* _EXERCISE REQUIREMENTS_: Everything in the data that follows should be given again verbatim, except the images.

* _DATA EXCERPT_:

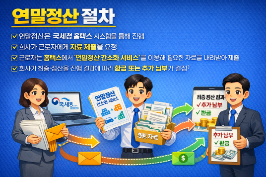 연말정산은 국세청 홈택스 시스템을 통해 진행됩니다. 회사가 근로자에게 자료 제출을 요청하면, 근로자는 홈택스에서 ‘연말정산 간소화 서비스’를 이용해 필요한 자료를 내려받아 제출합니다. 이후 회사가 최종 정산을 진행하고, 결과에 따라 환급 또는 추가 납부가 결정됩니다.
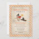 Invitaciones para la fiesta de cumpleaños de los niños de Halloween, de rojo_dress, presentando las palabras, en naranja y marrón, "fiesta de cumpleaños de Halloween", un ilustracion vintage de bruja linda en escoba, con un pequeño gato negro, y la cara llena de luna tiritando. La niñita, disfrazada de bruja en escoba, lleva el gorra de una bruja negra, capa roja, vestido crema, con puntos azules claros, zapatos negros lindos y calcetines a rayas (beige y azul suave).
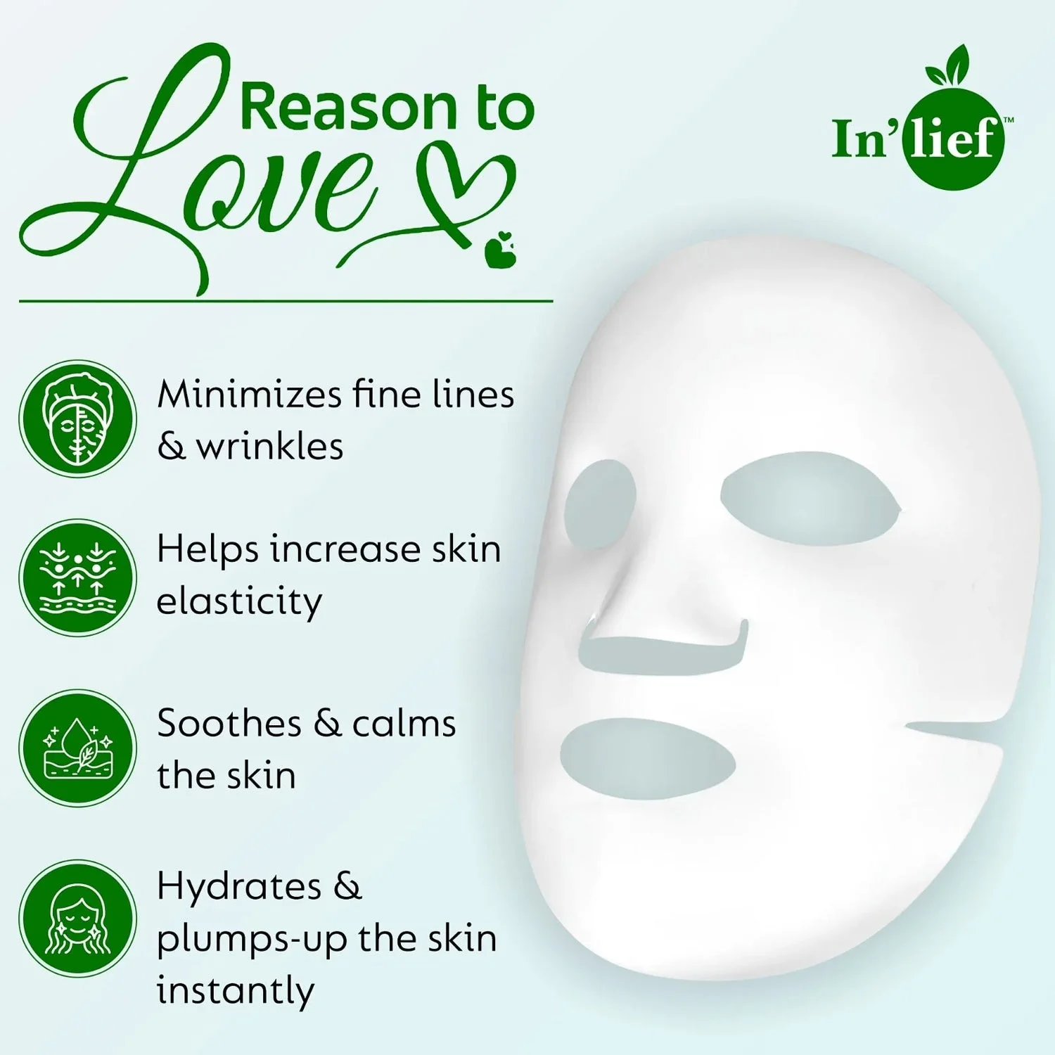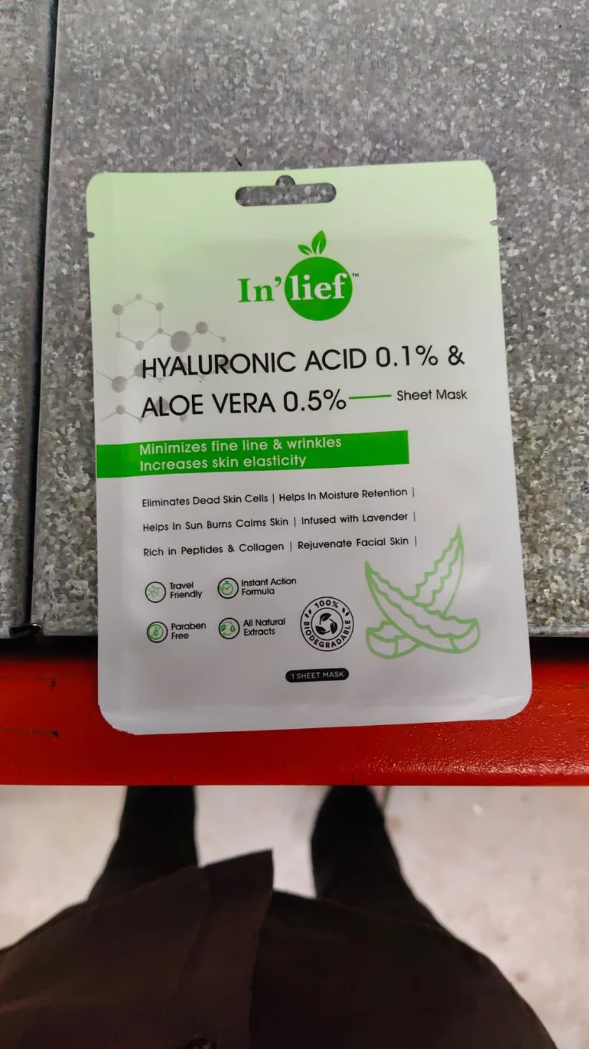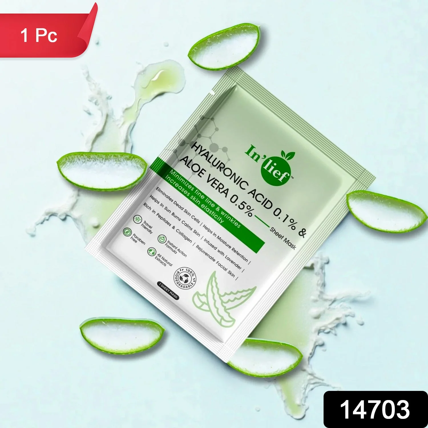 In’lief Hyaluronic Acid 0.1% & Aloe Vera 0.5% Hydrating & Rejuvenating Facial Sheet Mask – Moisture Retention, Fine Line Reduction & Skin Elasticity Boosting Mask - 1Pcs

* _EXERCISE SOLUTION_:
 연말정산은 국세청 홈택스 시스템을 통해 진행됩니다. 회사가 근로자에게 자료 제출을 요청하면, 근로자는 홈택스에서 ‘연말정산 간소화 서비스’를 이용해 필요한 자료를 내려받아 제출합니다. 이후 회사가 최종 정산을 진행하고, 결과에 따라 환급 또는 추가 납부가 결정됩니다.
 Invitaciones para la fiesta de cumpleaños de los niños de Halloween, de rojo_dress, presentando las palabras, en naranja y marrón, "fiesta de cumpleaños de Halloween", un ilustracion vintage de bruja linda en escoba, con un pequeño gato negro, y la cara llena de luna tiritando. La niñita, disfrazada de bruja en escoba, lleva el gorra de una bruja negra, capa roja, vestido crema, con puntos azules claros, zapatos negros lindos y calcetines a rayas (beige y azul suave).
 In’lief Hyaluronic Acid 0.1% & Aloe Vera 0.5% Hydrating & Rejuvenating Facial Sheet Mask – Moisture Retention, Fine Line Reduction & Skin Elasticity Boosting Mask - 1Pcs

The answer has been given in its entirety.